The European Central Bank’s policy decision went off without a hitch today – its key interest rates were maintained at their prior levels – but it was President Mario Draghi’s press conference that proved to be the real showstopper. Highlighting concerns over emerging market growth and financial market volatility – two of the same concerns that the Federal Reserve used as justification for not hiking rates in September – the ECB suggested that it was too soon to think the period of loose monetary policy was coming to a close. It seems that, since the September FOMC meeting, markets had been starting to price in more ECB easing as collateral damage from the Fed’s decision.
Furthermore, highlighting falling short-term inflation expectations, sustained low energy prices, and a stronger trade-weighted Euro over the past six-months, President Draghi admitted that the ECB had a discussion about cutting deposit rates today. Coming into this meeting, it was widely anticipated that the ECB was firm on its rate policy and would only look to ease further via extraordinary measures (QE); instead, Mr. Draghi & co. are flirting with the notion that zero interest rate policies (ZIRP) can easily become negative interest rate policies (NIRP).

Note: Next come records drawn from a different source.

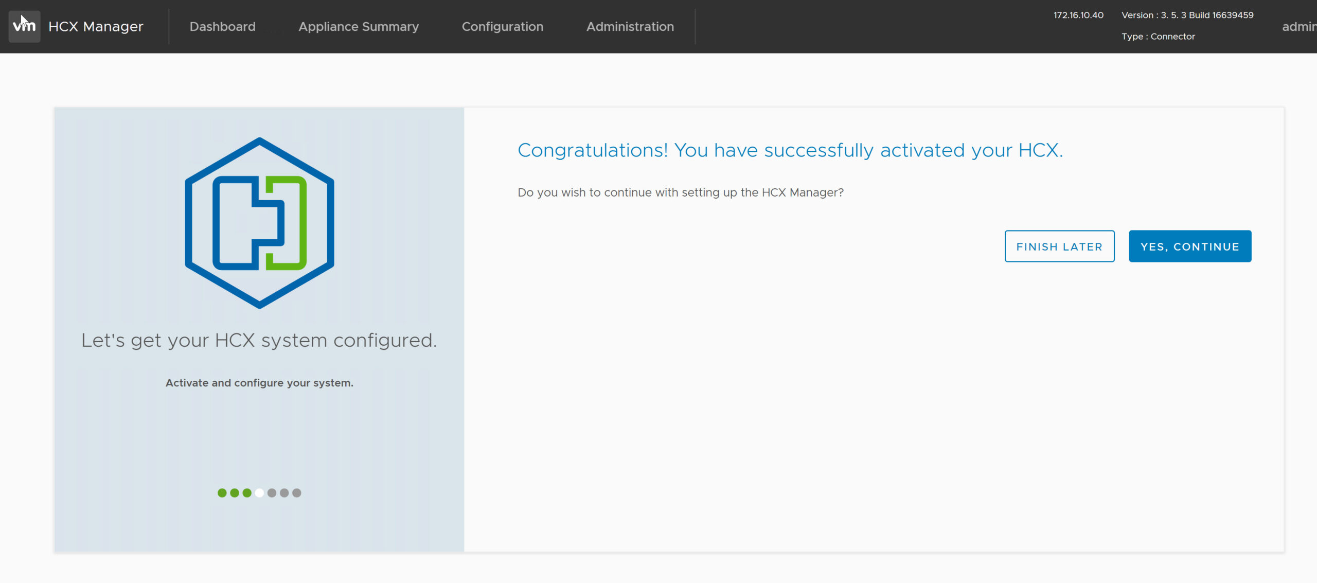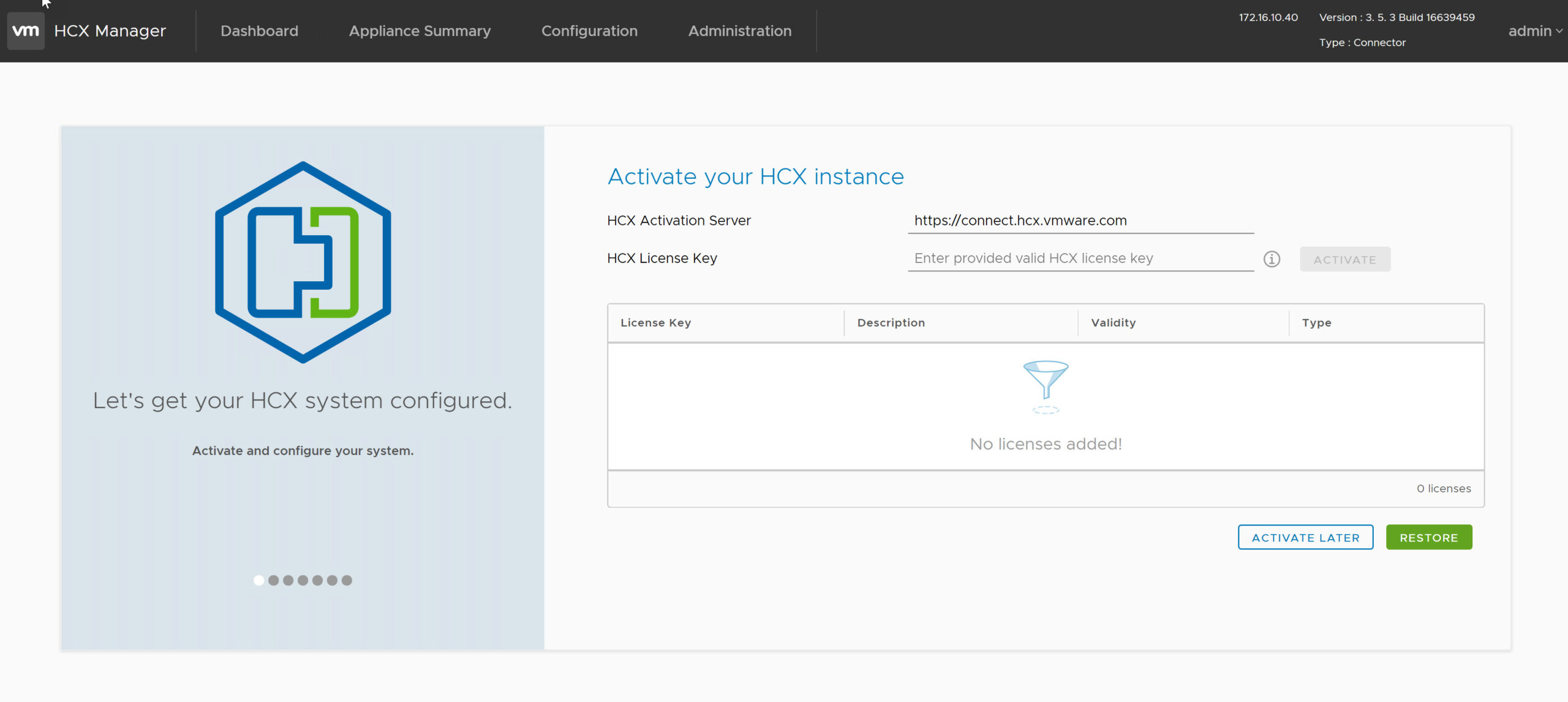 You need to have your HCX license key handy for activating the appliance. Your appliance should be able to connect to https://connect.hcx.vmware.com to get activated.
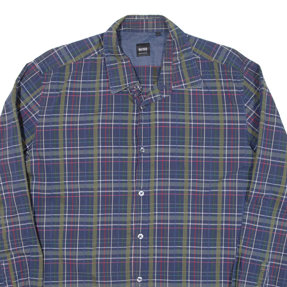 BOSS Mens Shirt Blue Check Long Sleeve L
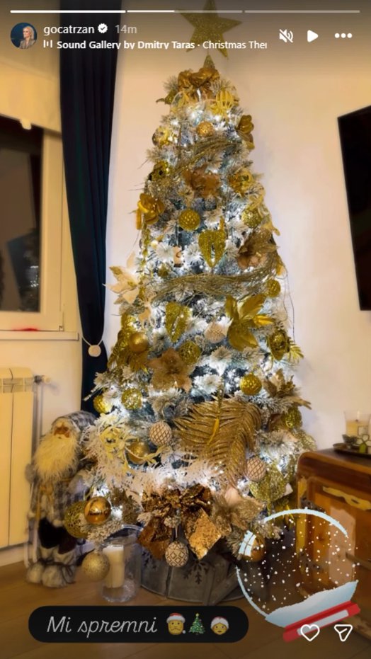 Goca Tržan je sada na mrežama podelila fotografiju iz njihovog doma i pokazala da kod njih već vlada praznična euforija. Goca je snimila veliku jelku koja je smeštena u ugao sobe, a kako možemo videti, ove godine dominiraju ukrasi zlatnih tonova.
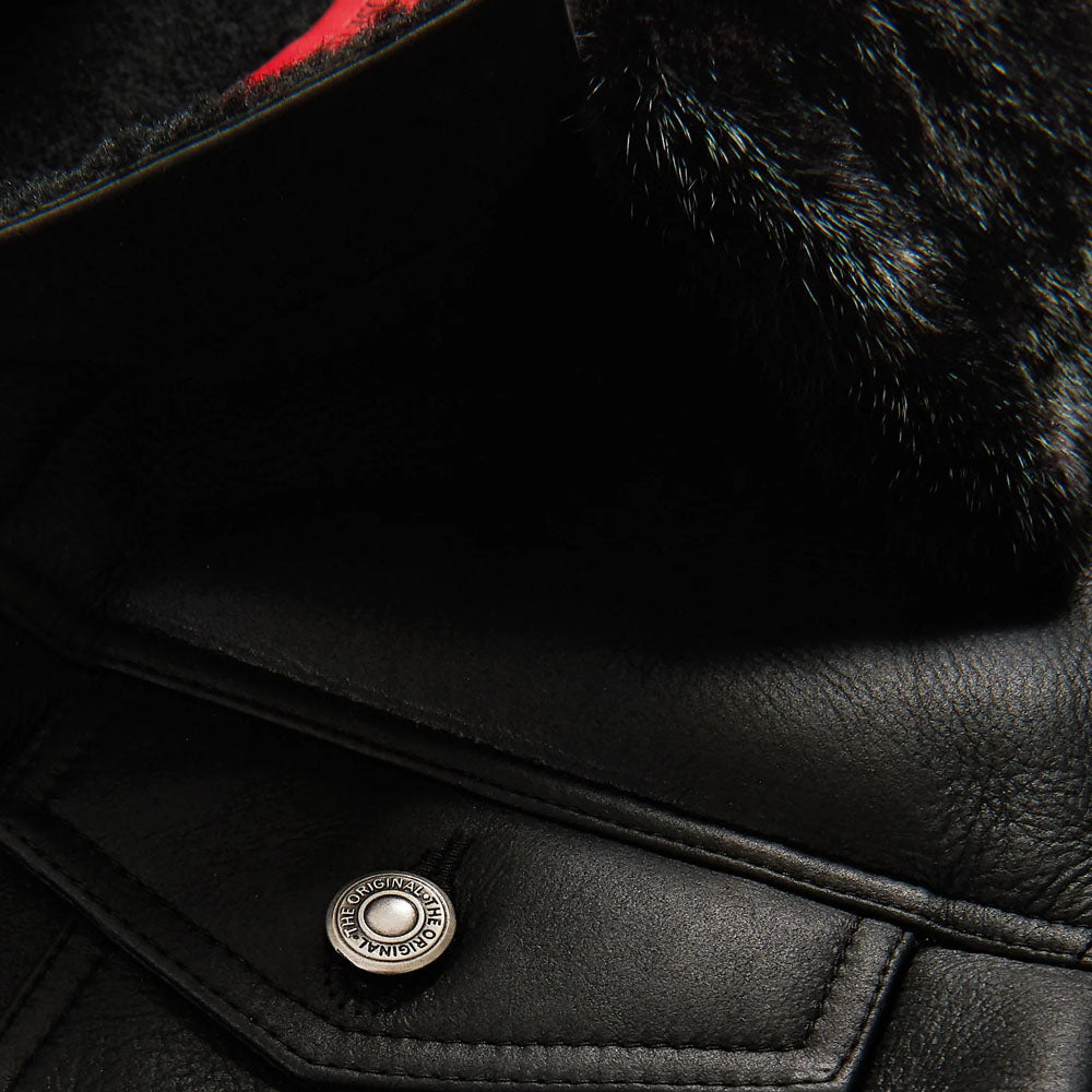 Men Black Airforce B3 Aviator Flight Fur Sheepskin RAF Shearling Leather Jacket
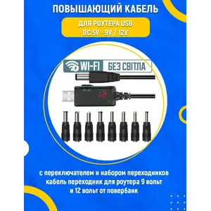 Повышающий кабель для роутера USB DC 5V - 9V / 12V 90 см с переключателем и набором 8 переходников кабель
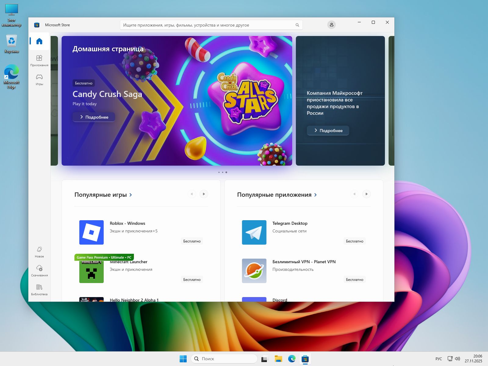 Представляем максимально настроенную сборку Windows 11 Профессиональную x64 25H2 для ноутбука. Сборка отличается повышенной производительностью и компактностью. Также отметим, что редакция может устанавливаться на слабое железо, не поддерживающееся оригинальными версиями. Внесены значительные изменения в интерфейс – значки располагаются максимально близко друг к другу, за счет чего занимают меньше места на рабочем столе. Пользователи смогут более эффективно организовать рабочее пространство и найти нужные программы с первого взгляда. Для облегчения образа и системы в развернутом состоянии удалены и отключены многие бесполезные компоненты. Сборка Виндовс 11 идеально подходит для геймеров. В ОС отсутствует Защитник – встроенный антивирус, который блокирует патчи, активаторы и другие необходимые инструменты без цифровой подписи. Кроме того, он не способен определять большинство реальных угроз и серьезно нагружает аппаратные ресурсы компьютера, замораживая систему при проверках. Без него производительность заметно возрастает. Вместе с ним вырезан и другой элемент Центра безопасности – сетевой фильтр Smart Screen. Этот компонент не всегда правильно определяет наличие вредоносного кода на сайте, поэтому вы можете без проблем попасть на фишинговые-ресурсы, но в то же время доверенные сайты часто блокируются ошибочно. Скачать Windows 11 Pro x64 версия 25H2 - быстрая сборка для ноутбука на русском вы можете вместе с набором самых актуальных обновлений по Ноябрь 2025 года через торрент или прямой ссылкой ISO образ. Система позволяет исправить известные проблемы безопасности, а также вносят улучшения в оформление системы. Пуск стал адаптивным и гибким – в него помещается необходимое количество значков без переполнения. Реализована удобная группировка приложений по различным критериям, что облегчает навигацию. Автор интегрировал в ОС папку с несколькими портативными программами – она размещается в корне локального накопителя для быстрого доступа. Это экономит время на установку дополнительного софта и делает систему еще более автономной. Для установки понадобится скаченный iso образ Виндовс 11 25H2 64 бит, флешка от 8 Гб и бесплатная портативная утилита Руфус.
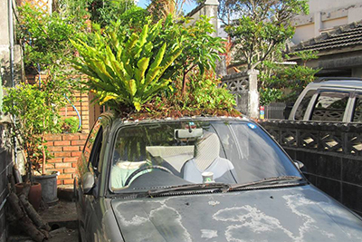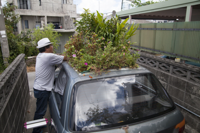 これまで2回の記事を読んだ方ならご存知かと思いますが、この車はもともと屋根に芝生を生やせば涼しくなるのでは?というアイデアからはじまっています。しかしいつのまにか、苔が生え、花が咲き、今ではガジュマルやアコーなどが勝手に自生してしまった不思議なことになっています。
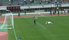 ところがっ!エメルソン交代直後、DF森が今日2枚目のイエローカードで退場。10人対11人に・・・。 最大のヤマ場、アルビレックスのFKはゴールマウスのはるか上。今日のコンサドーレは枠に行かないアルビレックスのシュートに救われたという感じでしょうか。 |
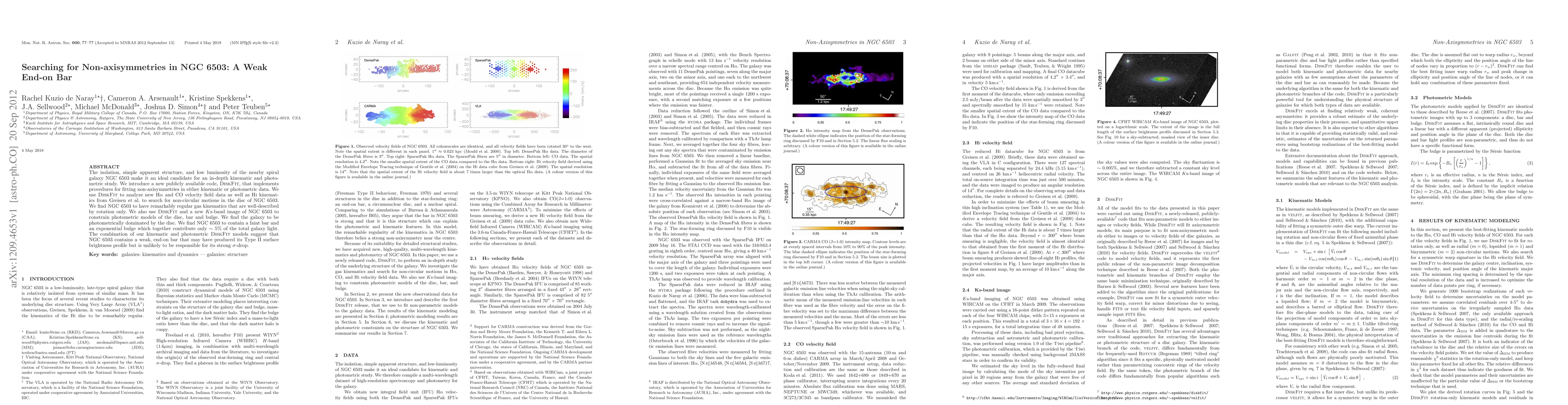 The isolation, simple apparent structure, and low luminosity of the nearby spiral galaxy NGC 6503 make it an ideal candidate for an in-depth kinematic and photometric study. We introduce a new publicly available code, DiskFit, that implements procedures for fitting non-axisymmetries in either kinematic or photometric data. We use DiskFit to analyze new Halpha and CO velocity field data as well as HI kinematics from Greisen et al. to search for non-circular motions in the disc of NGC 6503. We find NGC 6503 to have remarkably regular gas kinematics that are well-described by rotation only. We also use DiskFit and a new Ks-band image of NGC 6503 to constrain photometric models of the disc, bar and bulge. We find the galaxy to be photometrically dominated by the disc. We find NGC 6503 to contain a faint bar and an exponential bulge which together contribute only ~5% of the total galaxy light. The combination of our kinematic and photometric DiskFit models suggest that NGC 6503 contains a weak, end-on bar that may have produced its Type II surface brightness profile but is unlikely to be responsible for its strong sigma-drop.
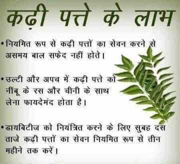 - कढ़ी पत्ता पेन्क्रीआज़ के बीटा सेल्स को एक्टिवेट कर मधुमेह को नियंत्रित करता है |
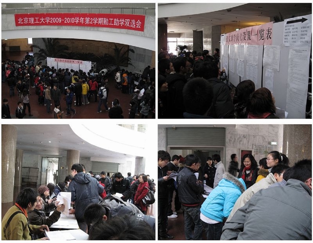 近日,德赢AC米兰中国官方网站2009-2010学年第2学期勤工助学双选会分别在中关村校区中心教学楼一层大厅、良乡校区学生服务中心一层大厅举行,共有近三十个单位提供包括办公室助理、网络维护员、学生联络员等1000余个岗位,报名应聘的学生达到5000余人。
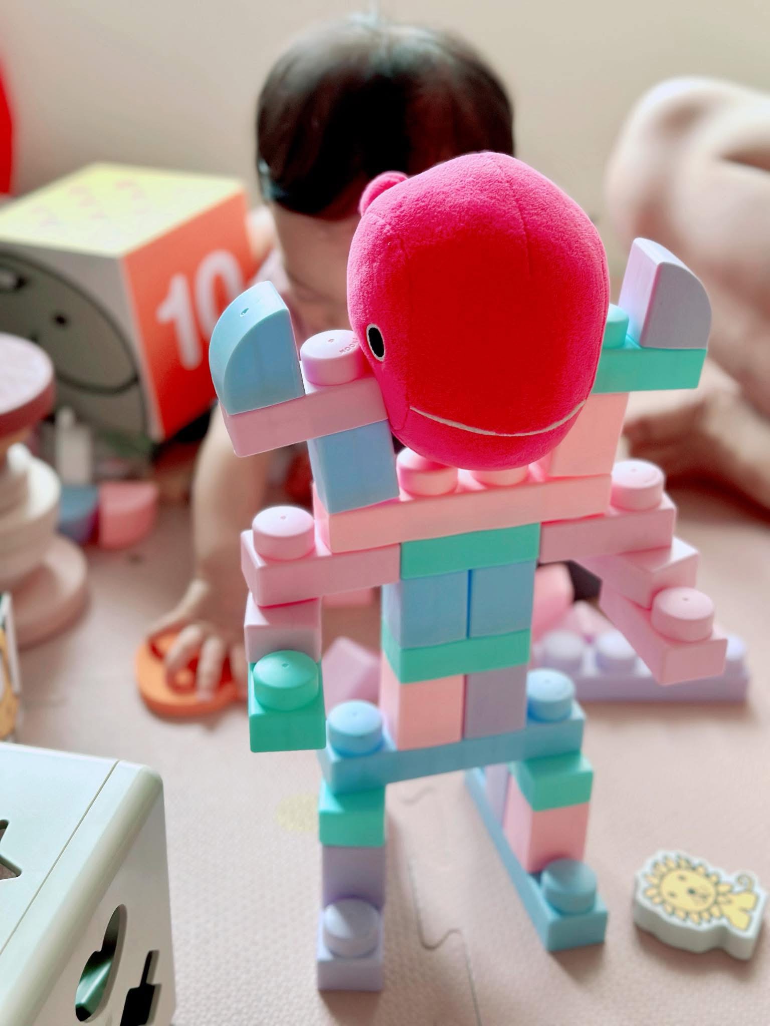 爸爸還用積木做過十字弓、飛機、石中劍、步槍、手槍、盆栽、城堡、高塔、水壩⋯⋯40 個配件可以玩成這樣,真心佩服,是不是該拍起來做成作品集😆
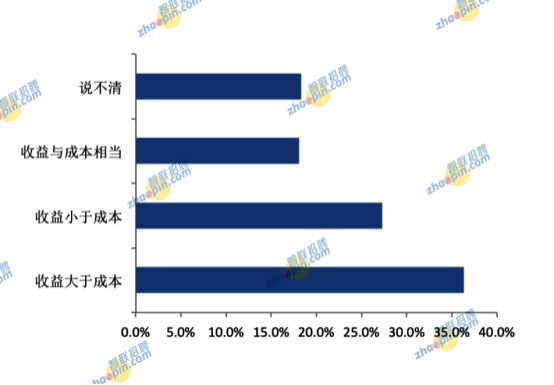 調查發(fā)現(xiàn),海歸群體對留學效益價值持肯定態(tài)度。認為收益大于成本的占36.3%,認為收益成本相當?shù)恼?8.1%,認為收益小于成本的占27.3%,說不清的占18.3%。
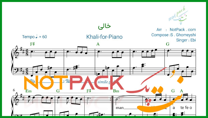 نت پیانو خالی از ابی/من خالی از عاطفه و خشم/با فیلم آموزشی و آوا نویسی
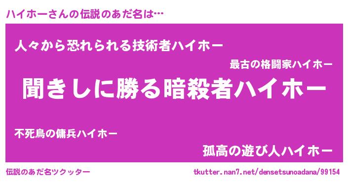 | ヒーロー風カッコイイあだ名 | 『ネオハイホー』『正義の使者ハイホー』 |
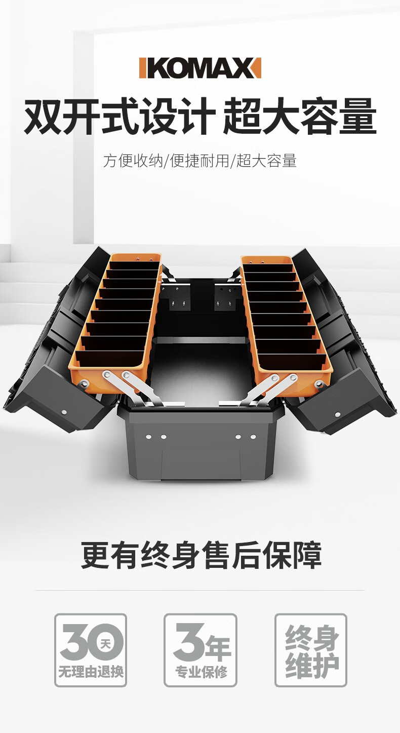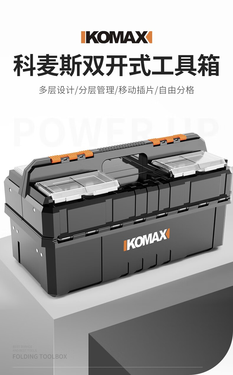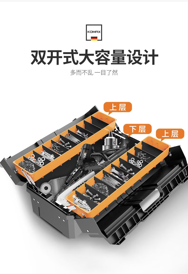 Komax multi-layer folding tool box double-open storage box large portable electrician storage box household hardware car empty box (enhanced version) double-open tool box
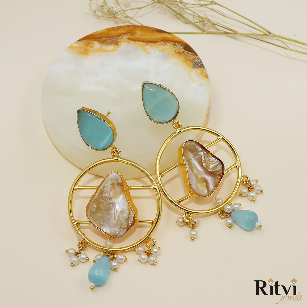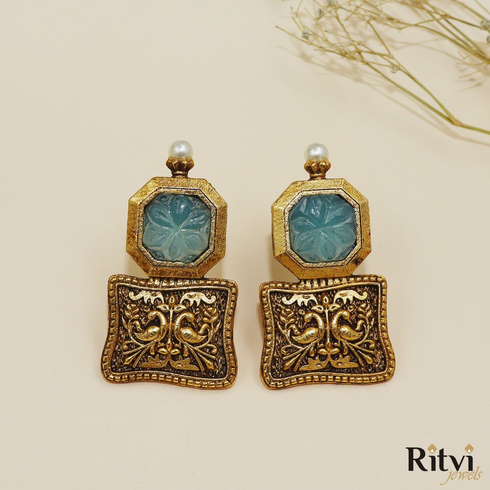 Oxidized Firozi Earrings: Add a splash of vibrance to your look with oxidized firozi earrings, featuring turquoise and aqua accents. These earrings from Ritvi Jewels are perfect for creating a bold and bohemian statement.
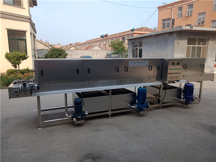1.預清洗階段:筐子首先通過輸送系統(tǒng)進入漂洗段,用高壓熱水進行預清洗。
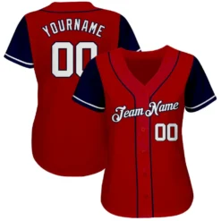 Custom Red White-Navy Authentic Two Tone Baseball Jersey
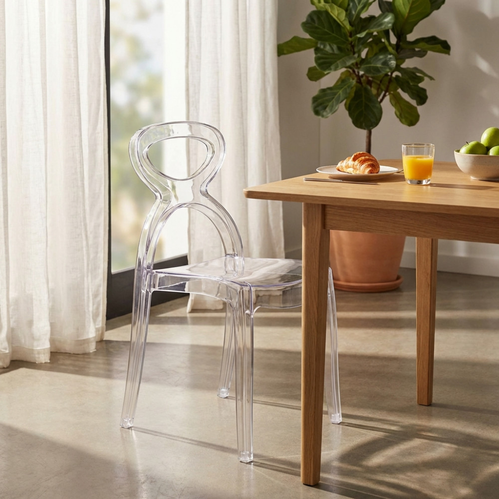 Struttura e seduta in policarbonato trasparente Dimensioni: cm 46,5 l x 53 p x 90 h
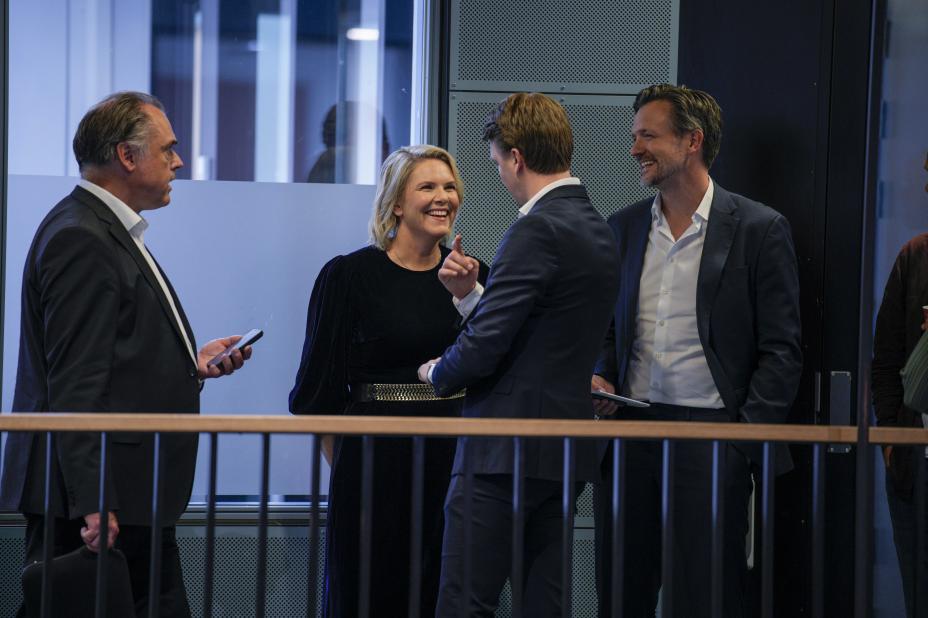 Frp-leder Sylvi Listhaug ser ut til å være i godt humør før partilederdebatten tirsdag – trolig inspirert av brakseieren i skolevalget samme kveld.

As it goes, it seems the market has quickly adjusted to the idea that December is now what’s considered a live meeting – one at which the ECB could bring forth substantive policy changes like a change in the QE program or cutting rates. Besides lower rates further, changes in the QE program could come along the lines of: changing its duration past its September 2016 expiration; a change in the program’s scope (what bonds can be purchased); and/or a change in the size (the run-rate of purchases, currently at €60 billion/month). All of these changes to the QE should prove to be materially negative for the Euro over the coming months – a re-run of early-2015 for the Euro and perhaps the US Dollar – and EURUSD is trading lower as markets adjust to this possible outcome.
EURUSD 1-minute Chart: October 22, 2015
Right ahead of the press conference, EURUSD was trading at $ 1.1309. However, within moments of the press conference starting, EURUSD immediately plummeted, trading at low as $ 1.1179 amid President Draghi’s commentary. At the time this report was written, EURUSD was trading back to $ 1.1206.